Exercise instructions – For each line of the data below, copy it if it holds the word "Velowerkstatt".

──────── Dataset content

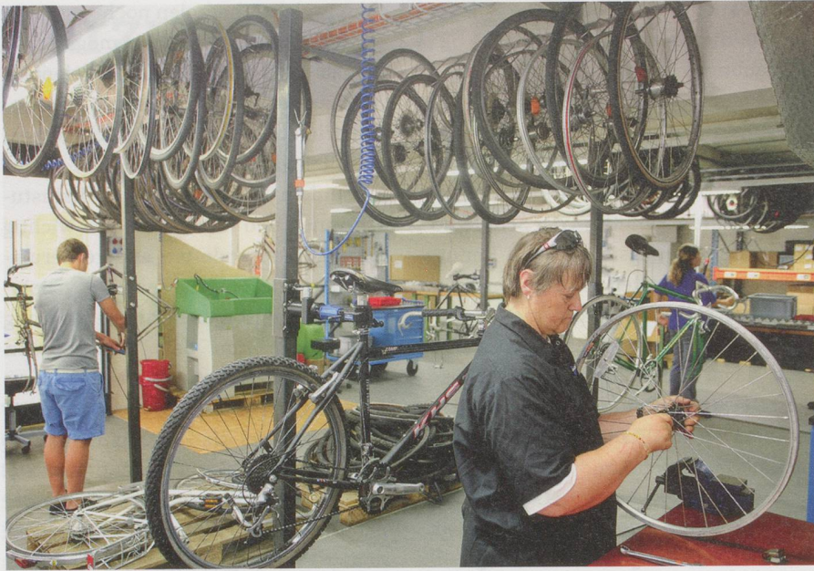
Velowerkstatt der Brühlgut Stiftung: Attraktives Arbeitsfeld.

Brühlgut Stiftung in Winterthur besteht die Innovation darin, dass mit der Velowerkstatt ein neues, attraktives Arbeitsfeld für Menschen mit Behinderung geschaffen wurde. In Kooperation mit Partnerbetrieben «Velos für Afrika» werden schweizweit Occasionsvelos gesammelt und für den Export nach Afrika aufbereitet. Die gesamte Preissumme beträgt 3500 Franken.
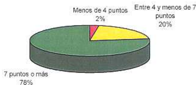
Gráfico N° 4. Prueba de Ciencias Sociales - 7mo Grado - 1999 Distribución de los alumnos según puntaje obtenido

────────────────

Task output –
Velowerkstatt der Brühlgut Stiftung: Attraktives Arbeitsfeld.
Brühlgut Stiftung in Winterthur besteht die Innovation darin, dass mit der Velowerkstatt ein neues, attraktives Arbeitsfeld für Menschen mit Behinderung geschaffen wurde. In Kooperation mit Partnerbetrieben «Velos für Afrika» werden schweizweit Occasionsvelos gesammelt und für den Export nach Afrika aufbereitet. Die gesamte Preissumme beträgt 3500 Franken.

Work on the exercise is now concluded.